Top Ten Questions Small Business Owners Ask
#3. How Much Money Does a Small Business Need to Spend on Marketing?
Small business owners have a love hate relationship with marketing; they know they have to do marketing to fill their sales pipeline to get new customers. At the same time, they are never quite sure the overall effect of their marketing, so when things get financially tight, it is one of the first things that they cut. Fortunately, there is a formula for how much to spend on marketing for a small business that produces results.
How not to do marketing
When I ran my scientific software catalog business in the 1990’s, the sellers of the these very technical products were scientists, academics and engineers. They did not believe in marketing, but rather “If I build it, they will come!” I was finally able to convince, one owner, Joe to hire a Marketing Director so he could expand his business. I called the new hire, Mark on his first day and congratulated him on his new job. I then called him a few weeks later to see how he was doing. Joe, the owner answered the phone. When I inquired about where Mark, the new marketing director was he said “Well we tried this marketing thing for a few weeks, it did not work so I let him go”.
Marketing is not a project or a one-shot deal. It is an always on function and process in your company where you are constantly testing to evaluate the results. Too many small business owners try it for a short period of time especially when sales are slow and then stop it when they get business as a result of that marketing. (I call this the “Double Helix Trap”), This is not effective and will keep your sales pipeline bare.

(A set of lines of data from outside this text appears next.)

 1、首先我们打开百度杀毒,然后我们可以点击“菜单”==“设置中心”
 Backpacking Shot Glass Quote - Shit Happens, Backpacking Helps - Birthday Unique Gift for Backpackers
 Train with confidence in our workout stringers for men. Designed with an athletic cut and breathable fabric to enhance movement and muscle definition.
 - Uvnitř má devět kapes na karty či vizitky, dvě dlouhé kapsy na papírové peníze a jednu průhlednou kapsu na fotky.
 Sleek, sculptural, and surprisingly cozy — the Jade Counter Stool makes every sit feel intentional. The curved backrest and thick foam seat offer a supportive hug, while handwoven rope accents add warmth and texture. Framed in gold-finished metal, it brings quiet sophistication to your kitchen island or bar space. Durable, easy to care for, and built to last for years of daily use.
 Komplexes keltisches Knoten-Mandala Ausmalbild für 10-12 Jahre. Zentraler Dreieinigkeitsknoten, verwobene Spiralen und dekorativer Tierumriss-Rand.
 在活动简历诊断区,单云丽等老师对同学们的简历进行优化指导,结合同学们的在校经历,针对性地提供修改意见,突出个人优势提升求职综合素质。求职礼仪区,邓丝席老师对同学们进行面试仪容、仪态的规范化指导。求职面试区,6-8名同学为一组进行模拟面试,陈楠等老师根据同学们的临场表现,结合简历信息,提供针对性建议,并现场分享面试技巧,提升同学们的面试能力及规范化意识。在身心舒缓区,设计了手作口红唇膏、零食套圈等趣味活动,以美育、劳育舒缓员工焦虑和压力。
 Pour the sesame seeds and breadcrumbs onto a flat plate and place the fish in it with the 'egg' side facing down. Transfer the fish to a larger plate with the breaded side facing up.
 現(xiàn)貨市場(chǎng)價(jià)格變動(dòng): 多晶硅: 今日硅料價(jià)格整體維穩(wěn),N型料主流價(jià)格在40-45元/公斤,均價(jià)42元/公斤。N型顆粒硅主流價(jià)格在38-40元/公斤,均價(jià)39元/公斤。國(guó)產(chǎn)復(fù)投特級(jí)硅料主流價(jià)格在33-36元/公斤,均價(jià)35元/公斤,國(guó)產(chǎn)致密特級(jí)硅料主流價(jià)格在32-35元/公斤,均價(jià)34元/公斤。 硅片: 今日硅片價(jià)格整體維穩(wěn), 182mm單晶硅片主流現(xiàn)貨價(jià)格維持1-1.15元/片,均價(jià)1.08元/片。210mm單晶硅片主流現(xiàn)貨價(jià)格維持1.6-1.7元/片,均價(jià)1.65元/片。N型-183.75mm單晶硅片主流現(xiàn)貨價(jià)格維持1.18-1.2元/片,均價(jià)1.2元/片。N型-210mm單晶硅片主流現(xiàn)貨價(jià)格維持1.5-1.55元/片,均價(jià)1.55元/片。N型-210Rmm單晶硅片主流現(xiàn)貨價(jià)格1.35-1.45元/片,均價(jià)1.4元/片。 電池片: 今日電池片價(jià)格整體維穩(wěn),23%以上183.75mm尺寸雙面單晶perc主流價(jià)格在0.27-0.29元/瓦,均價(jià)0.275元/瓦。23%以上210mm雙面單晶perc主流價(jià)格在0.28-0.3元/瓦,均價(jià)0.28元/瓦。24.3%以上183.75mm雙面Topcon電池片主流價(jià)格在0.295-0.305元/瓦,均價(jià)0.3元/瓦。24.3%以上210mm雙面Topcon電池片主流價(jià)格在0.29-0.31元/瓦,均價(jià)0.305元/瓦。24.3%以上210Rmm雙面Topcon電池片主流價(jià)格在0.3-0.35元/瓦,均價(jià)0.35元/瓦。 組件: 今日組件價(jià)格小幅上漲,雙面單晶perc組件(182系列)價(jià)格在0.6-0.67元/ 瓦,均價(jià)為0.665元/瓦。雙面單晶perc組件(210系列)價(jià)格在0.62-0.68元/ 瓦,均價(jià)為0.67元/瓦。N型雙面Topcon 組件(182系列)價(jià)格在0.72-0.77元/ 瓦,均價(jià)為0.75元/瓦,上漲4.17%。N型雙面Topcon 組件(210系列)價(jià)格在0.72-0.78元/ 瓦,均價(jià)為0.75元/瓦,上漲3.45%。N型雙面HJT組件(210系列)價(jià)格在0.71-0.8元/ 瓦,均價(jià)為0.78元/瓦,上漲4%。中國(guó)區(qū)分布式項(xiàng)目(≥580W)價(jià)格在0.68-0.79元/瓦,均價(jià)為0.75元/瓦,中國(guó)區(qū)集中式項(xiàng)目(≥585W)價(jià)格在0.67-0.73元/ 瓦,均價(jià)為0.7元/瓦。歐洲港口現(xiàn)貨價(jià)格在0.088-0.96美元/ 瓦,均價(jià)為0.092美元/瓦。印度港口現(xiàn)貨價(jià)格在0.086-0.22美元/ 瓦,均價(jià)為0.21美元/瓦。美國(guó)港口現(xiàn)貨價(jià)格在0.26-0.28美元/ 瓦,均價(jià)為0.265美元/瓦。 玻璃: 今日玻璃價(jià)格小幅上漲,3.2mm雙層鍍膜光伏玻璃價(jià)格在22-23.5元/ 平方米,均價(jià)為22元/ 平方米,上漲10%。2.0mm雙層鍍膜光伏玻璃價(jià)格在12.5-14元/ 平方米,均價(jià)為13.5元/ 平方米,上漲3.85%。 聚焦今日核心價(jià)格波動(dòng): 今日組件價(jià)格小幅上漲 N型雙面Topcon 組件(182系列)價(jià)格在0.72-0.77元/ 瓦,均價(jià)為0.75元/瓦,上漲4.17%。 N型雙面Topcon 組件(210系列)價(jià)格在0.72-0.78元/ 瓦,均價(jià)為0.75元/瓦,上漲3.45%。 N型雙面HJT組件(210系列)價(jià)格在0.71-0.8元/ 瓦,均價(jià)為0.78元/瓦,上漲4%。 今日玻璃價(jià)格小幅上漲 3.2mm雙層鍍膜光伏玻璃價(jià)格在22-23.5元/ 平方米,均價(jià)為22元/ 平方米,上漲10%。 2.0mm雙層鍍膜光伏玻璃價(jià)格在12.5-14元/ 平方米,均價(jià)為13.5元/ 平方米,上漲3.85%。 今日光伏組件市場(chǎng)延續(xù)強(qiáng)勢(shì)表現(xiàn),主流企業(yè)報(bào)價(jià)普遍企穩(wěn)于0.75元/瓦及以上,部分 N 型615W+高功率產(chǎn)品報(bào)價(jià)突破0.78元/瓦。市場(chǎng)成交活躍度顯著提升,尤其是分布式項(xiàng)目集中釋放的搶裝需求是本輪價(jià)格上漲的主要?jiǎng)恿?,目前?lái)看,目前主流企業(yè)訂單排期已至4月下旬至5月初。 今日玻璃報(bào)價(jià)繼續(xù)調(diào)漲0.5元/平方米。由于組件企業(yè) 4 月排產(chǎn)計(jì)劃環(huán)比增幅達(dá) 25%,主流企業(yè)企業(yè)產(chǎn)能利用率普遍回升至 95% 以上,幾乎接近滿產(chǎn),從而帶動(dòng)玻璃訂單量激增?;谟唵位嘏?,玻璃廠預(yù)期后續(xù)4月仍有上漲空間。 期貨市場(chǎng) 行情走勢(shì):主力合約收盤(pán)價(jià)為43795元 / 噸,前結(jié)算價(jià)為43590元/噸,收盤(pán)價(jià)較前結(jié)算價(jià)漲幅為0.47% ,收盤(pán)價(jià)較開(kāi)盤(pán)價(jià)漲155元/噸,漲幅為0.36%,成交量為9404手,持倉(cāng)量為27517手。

How to do marketing effectively
Small business owners are busy and many of them don’t enjoy the marketing process. They think its a lot like selling and they hate the idea of rejection from prospects they don’t know. Instead, think of marketing as educating and being there when the customer is ready to buy. This is why marketing is about consistently testing a variety of strategies over a long period of time.
First decide what solution you are educating prospects on and where they are most likely to see your information repeatedly. Then select a few marketing channels (online advertising, social media, print advertising, email, etc) where you will provide this message at least for three months. Make sure you can measure the results. With digital marketing this is easy, but with print or trade show marketing this becomes more difficult. Use separate telephone numbers or email addresses to identify the source without having to ask the prospect (because they won’t really know since most people say “I just googled you”).
Test these campaigns for 1-3 months depending on the frequency of prospect interaction. Cut the marketing initiatives that fail and boost with increase marketing spend the ones that succeed.
How much to spend annually on marketing
Most small business owners spend far too little on marketing since they see it as a cost. Instead, think of it as a cost of acquisition and an investment in attracting future customers. Ask yourself the question. “If the profit on each sale is $50, would you spend $5 to acquire a customer?” Yes! “If the lifetime value of a customer was $1,000 would you spend $100 or $200 to acquire that customer?” Yes. Your marketing budget should be at least 5% – 20% of your lifetime value depending on where you are in your business life cycle and what the gross margin is. The closer you are to start up mode and the higher your gross margins are should mean an increased marketing budget.